The Ministry of Defence in London said: "Since it was clear from their actions that these troops continued to pose a threat to the local population, the RAF patrol engaged the ship. Although a challenging target, small and under way at sea, a direct hit was scored with a laser-guided Paveway bomb which sank the vessel. This is a tribute to the professionalism of the aircrew in tracking a moving target with the laser designator, and the accuracy of the weapon system."

Standing beside a benzine tank at the refinery, Yusef Hamid, an engineer who had worked at the facility for 14 years, said: "We are turning off the pipeline to Tripoli. Even last week many people thought that Gaddafi will survive, but now I think people realise he is finished. But there is more fighting to be done."

The fighting has come at a terrible cost to civilians. Eighty-five people have been killed and about 220 injured by regime forces in the past four days, according to doctors in Zawiyah, since the opposition launched its assault to take the town and cut off Colonel Gaddafi's supply lines from the outside world by taking this strategic point just 30 miles from Tripoli.

Some of them, at least, must have been rebel fighters killed in action. But among the latest to die was a woman aged 73, a man of 80, and a 12-year-old boy. "All of them were in homes that were hit by bombs. They had no chance," said Dr Idris Jawad Mohammed. "Are the Gaddafi men aiming before they fire? Well they are aiming at Zawiyah, that's all."

Dr Mohammed and some of his colleagues had just narrowly escaped becoming casualties themselves. The hospital, they say, has been deliberately targeted by the regime. "A few days ago the state TV in Tripoli broadcast that this place was being used by the rebels. I was very worried. It was an incitement to the soldiers. They have named other places in the past and this has been followed by attacks. I asked my colleagues to be careful."

Just before midnight on Wednesday two missiles landed 50 yards behind the hospital, followed by two more, even closer, which exploded between the building and a mosque next door. "We were very tired after a long day and sitting in the garden. I dived to the ground after the first rockets and then we ran to the wall and used that ladder to climb over. Then we ran like hell," the doctor explained.

Dr Mohammed had worked in the Central Clinic in Zawiyah during the early days of the February revolution, when the town was subdued by regime troops amid slaughter and the hospital, desperately short of medicine and with electricity cut, had to cope with dozens of wounded.

About a hundred people are inside the hospital now, half of them patients, trapped by the fighting going on outside. "Gaddafi has snipers on the roof and people trying to get out are being shot" Dr Mohammed said. "If people try to get out, then they are shot."

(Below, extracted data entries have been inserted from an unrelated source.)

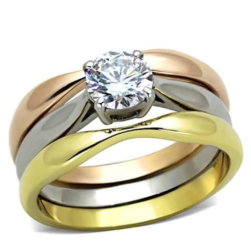 The TK1278 Three Tone Stainless Steel Ring is a stunning piece of jewelry that combines elegance and modern design. Crafted from high-quality stainless steel, this ring features a unique three-tone finish that includes IP Gold, IP Rose Gold, and a high polished surface. This combination not only enhances its aesthetic appeal but also ensures durability and resistance to tarnishing.
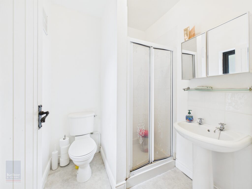 Ensuite 1.97m x 1.84m Lino flooring, w.c., w.h.b., shower stall with Mira power shower and tiled surround.
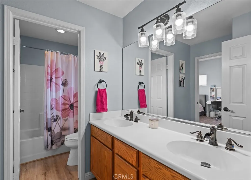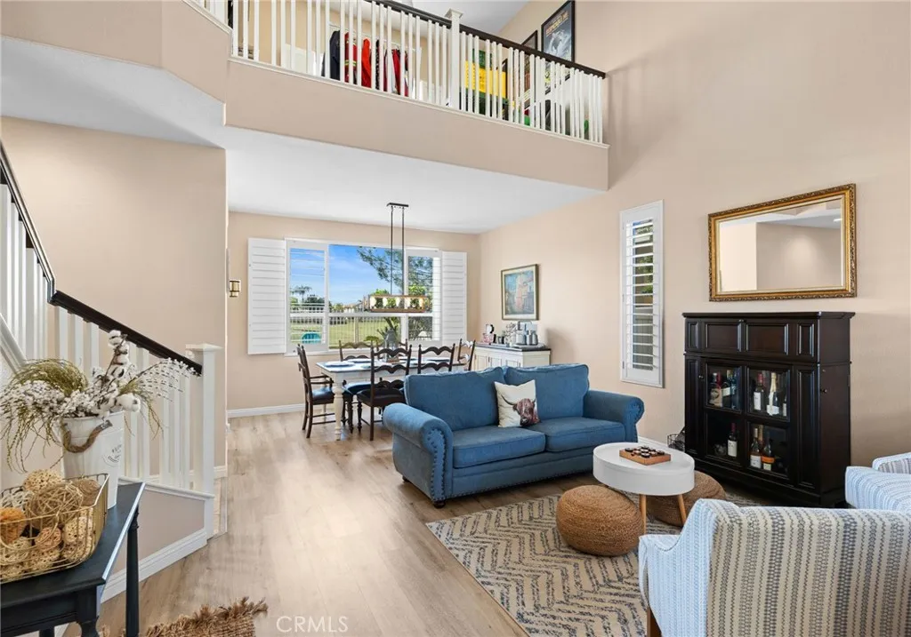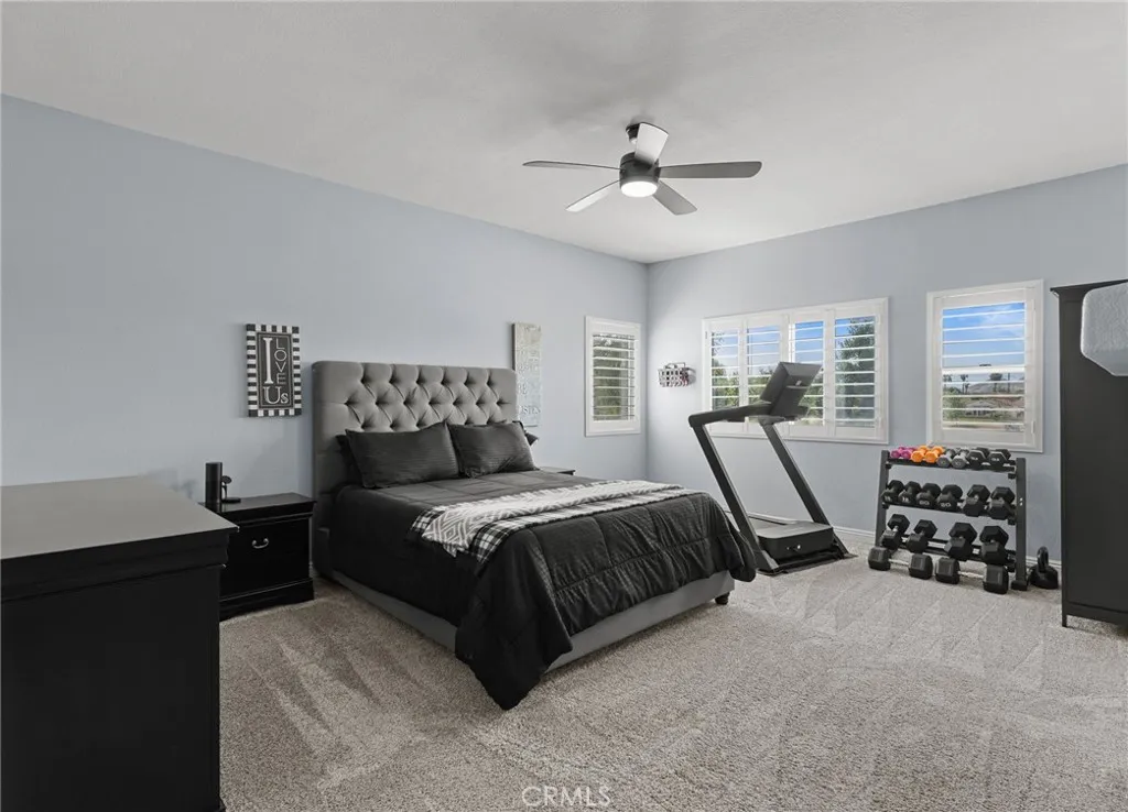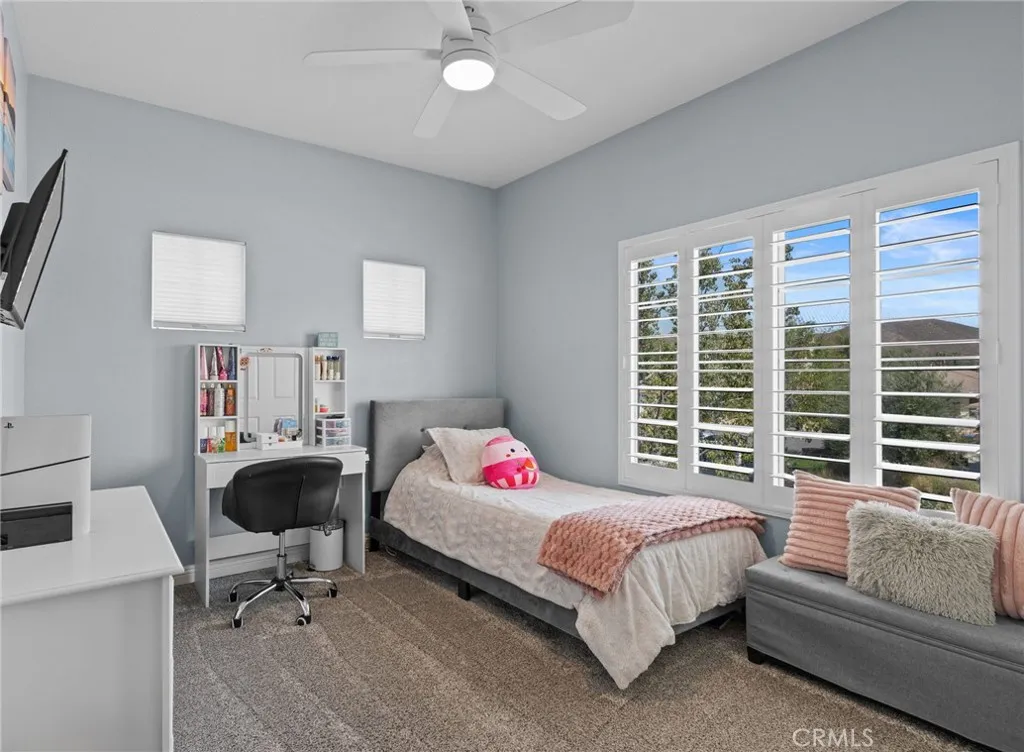 This elegant two-story home, located on the Menifee Lakes golf course, overlooks the 16th and 17th holes. This beautifully maintained home features four bedrooms, three baths, a loft, and 2508 square feet. One bedroom and bathroom are conveniently situated downstairs, which includes a new vanity. The home boasts elegant designer touches throughout, including plantation shutters and newer flooring upstairs enhancing the overall aesthetic. The kitchen boasts granite countertops, a tile backsplash, a central island with barstool seating, a farmhouse-style sink, and GE stainless steel appliances, including a five-burner cooktop and double oven. Theres ample cabinet storage, with 14 pullout shelves for easy access. Upstairs, the primary bedroom offers stunning views of the golf course and includes dual sinks, a large soaking tub, a separate walk-in shower, and a spacious walk-in closet. Two additional bedrooms share a guest bathroom, and the loft area is perfect for an office, play area, or potential conversion into a fifth bedroom. The property is equipped with solar panels, which will be paid off at the close of escrow. The HVAC system is approximately five to six years old and complemented by a whole house fan. The spacious three-car garage features overhead shelving for additional storage. The low-maintenance backyard includes a small pool and spa, all while providing beautiful views of the golf course. No HOA and very low taxes, with convenient access to shopping and restaurants off Newport Rd.
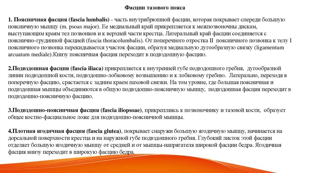 мышцы переходит в подвздошную фасцию и в подвздошногребенчатую дугу.
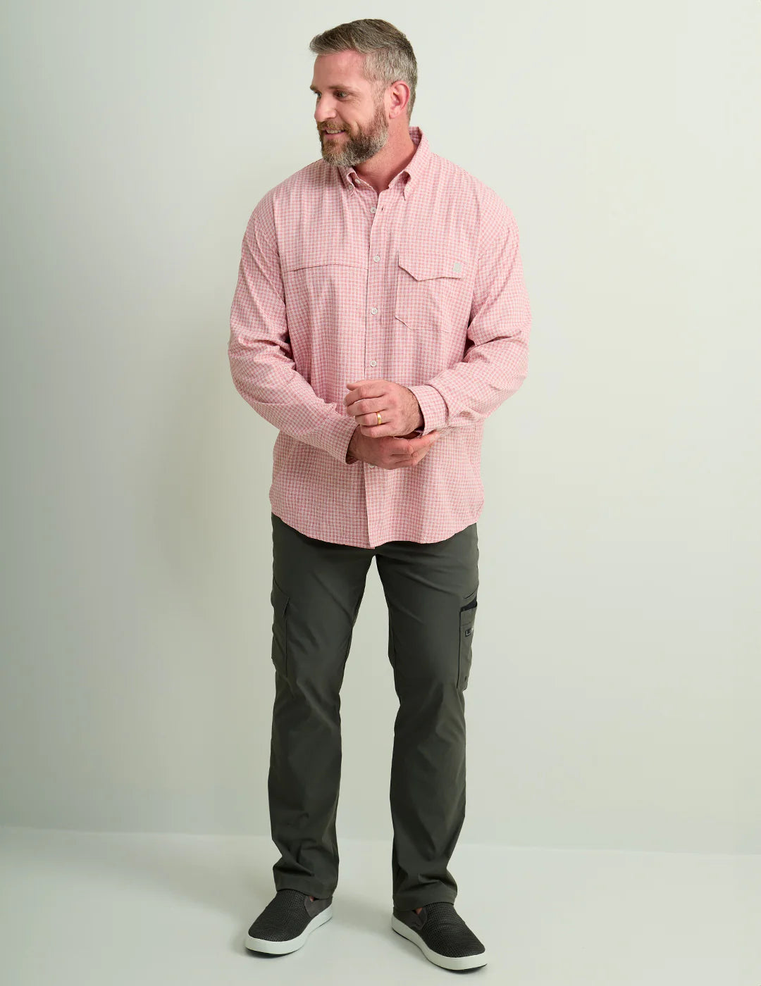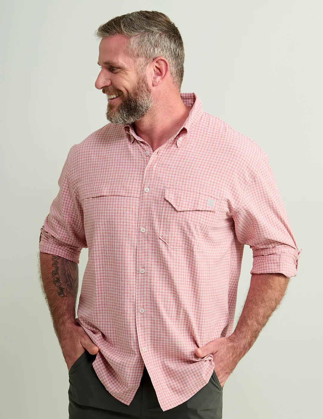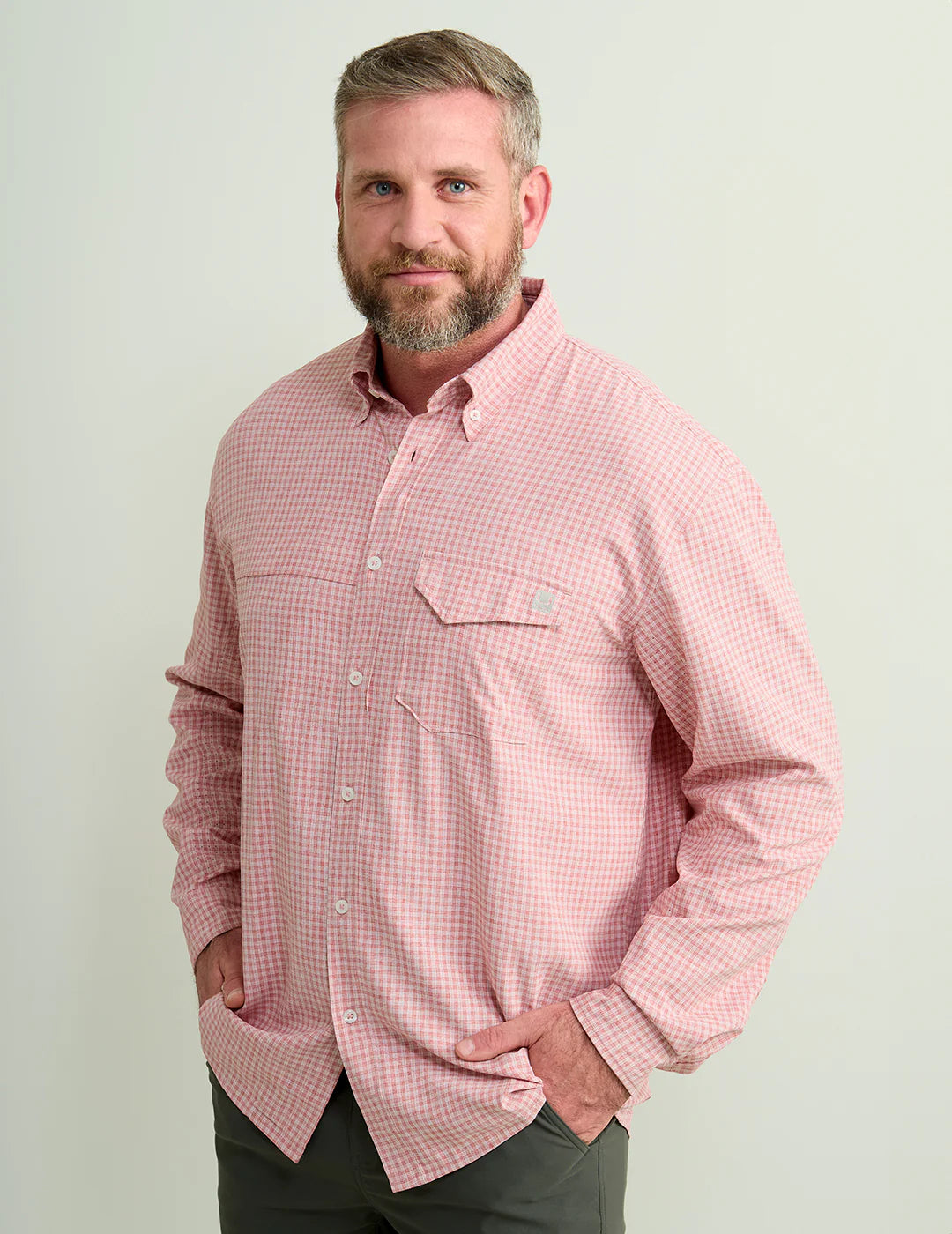 Take on the tide with Huk's Men's Minicheck Tide Point Break Long Sleeve Shirt. Enjoy all-day comfort and durability on and off the water with mechanical stretch, quick-drying fabric, and 30+ UPF protection. Plus, the added features like a mesh-backed pocket and interior wipe make it a must-have garment!
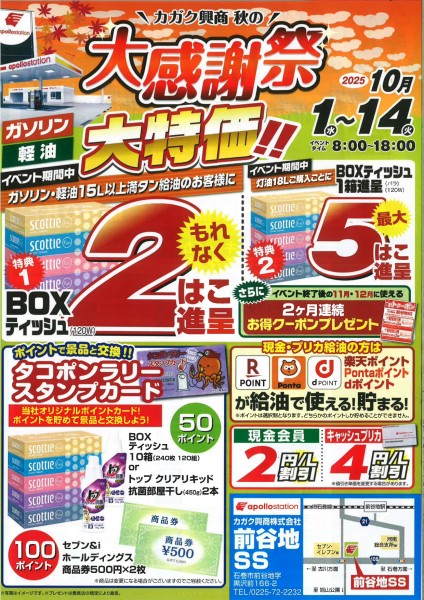 ガソリン・軽油、スタッドレスタイヤの大特価やキーパーコーティングの期間限定価格、お買い上げ記念品進呈など盛りだくさんで、皆様方のご来場をスタッフ一同、心よりお待ち申し上げております。
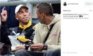 ژروم بواتنگ، مدافع بایرن مونیخ در پستی اینستاگرامی به این اتفاق واکنش نشان داد و با انتشار عکسی از خود و دژاگه نوشت:
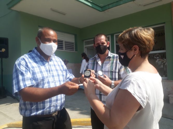 En actividad presidida por Liván Izquierdo Alonso, primer secretario del Comité Provincial del Partido, y Osmar Ramírez, secretario general de la Central de Trabajadores de Cuba en predios yumurinos, Durán García ponderó la profesionalidad de los directivos y trabajadores del LBM, protagonistas de un quehacer con repercusión en otros territorios del país, a los que apoyaron para entregar en el menor tiempo posible los resultados de las pruebas de PCR.
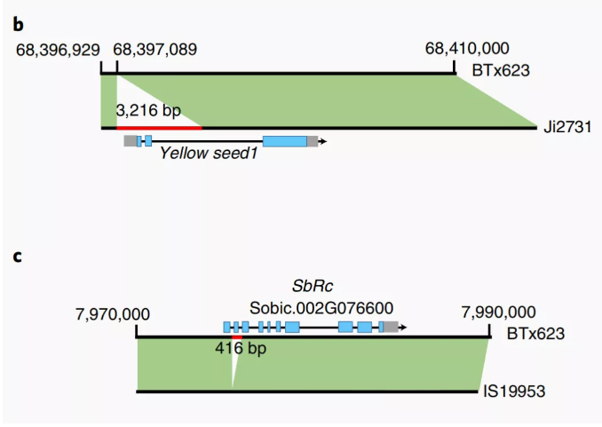 例如高粱泛基因組研究發(fā)現(xiàn),相對于參考基因組,其它高粱個體基因組中有429~1118個基因存在拷貝數(shù)變異(CNV)。功能注釋顯示這些CNV基因豐富了防御反應(yīng)、信號轉(zhuǎn)導(dǎo)和細胞蛋白分解代謝等生物學(xué)過程。并且不同高粱個體基因組上存在大量的存在缺失變異(PAV),有2514個基因受PAV嚴(yán)重影響,這些基因富集于與生物和非生物脅迫相關(guān)的生物過程,而抗病基因在這組基因中顯著富集。進一步研究發(fā)現(xiàn)Yellow seed1、SbRc的PAV影響到高粱籽粒顏色變化(圖9)
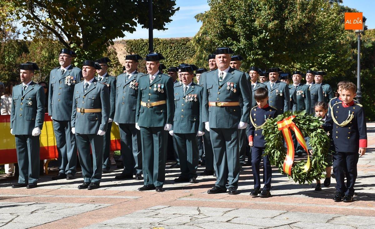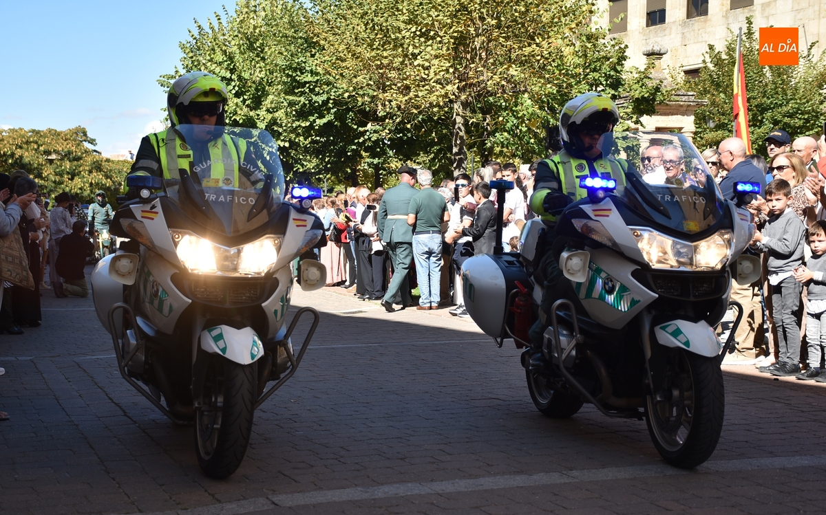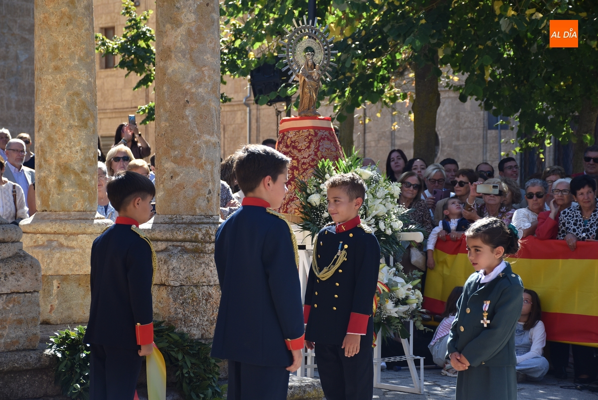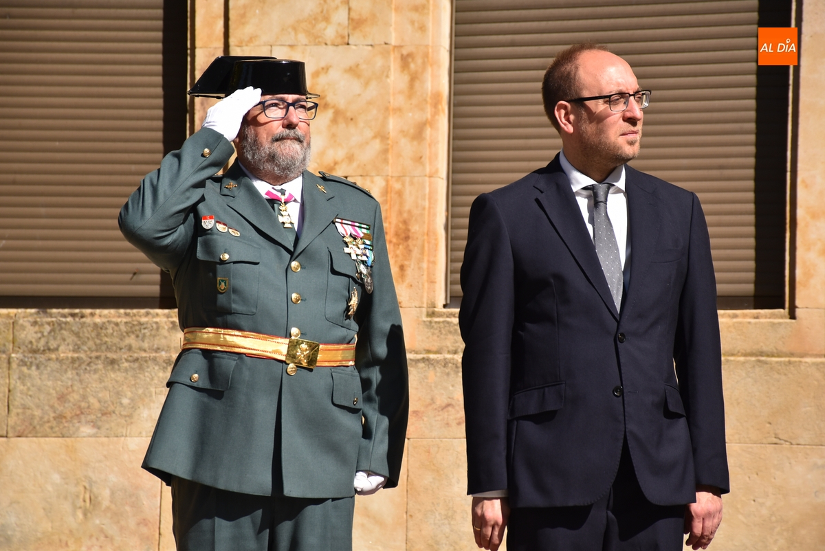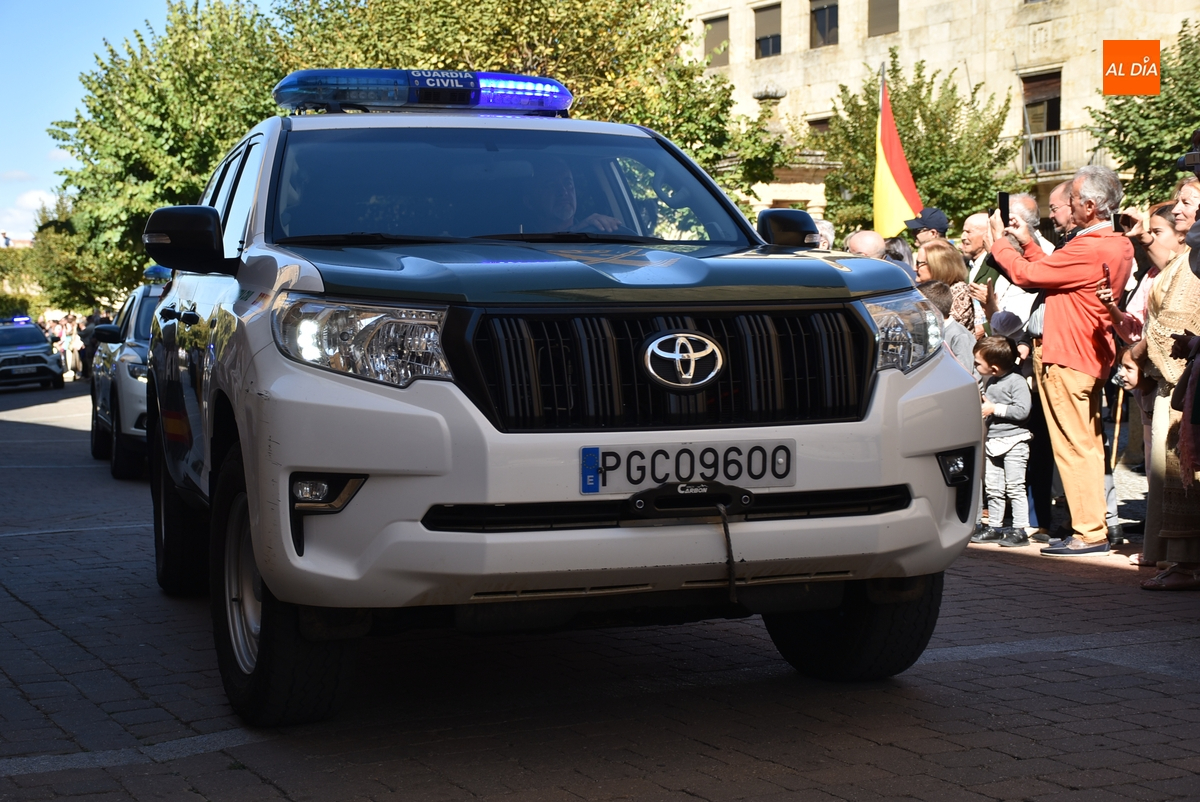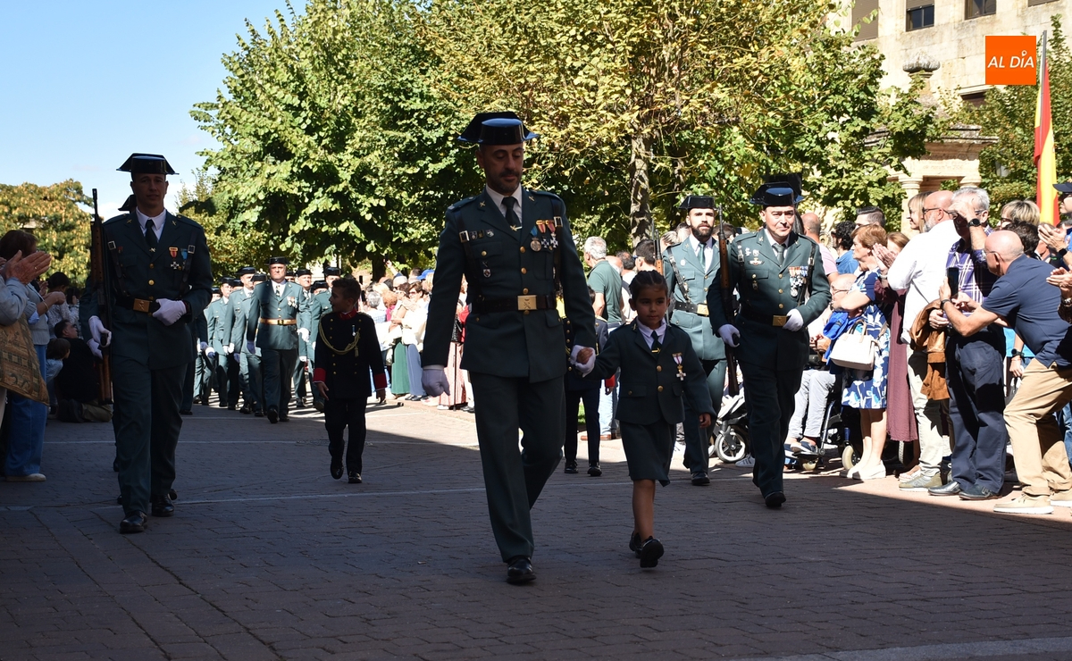 Finalizados los actos litúrgicos en honor a la Virgen del Pilar, la Plazuela de Herrasti fue también escenario en la mañana dominical de los actos institucionales de celebración por parte de la Compañía de Ciudad Rodrigo de la Guardia Civil de su patrona, aunque en el lateral opuesto del espacio, por donde se habían repartido vallas delimitadoras que lucían la bandera de España.

It was difficult to establish whether snipers had indeed been shooting from the hospital. What was clear, however, was that Zawiyah was far from under total rebel control, with missiles and mortar rounds crashing into the centre and south-western parts of the town.

The head of the opposition administration, the Transitional National Council in Benghazi, insisted yesterday that by Eid al-Fitr, the celebration at the end of Ramadan, the rebels would be in Tripoli.

But he also acknowledged that taking the capital would be a savage business. "The noose is tightening around Gaddafi," said Mustafa Abdel Jalil. But there may be a "veritable bloodbath. Gaddafi will not go quietly, he will go amid a catastrophe".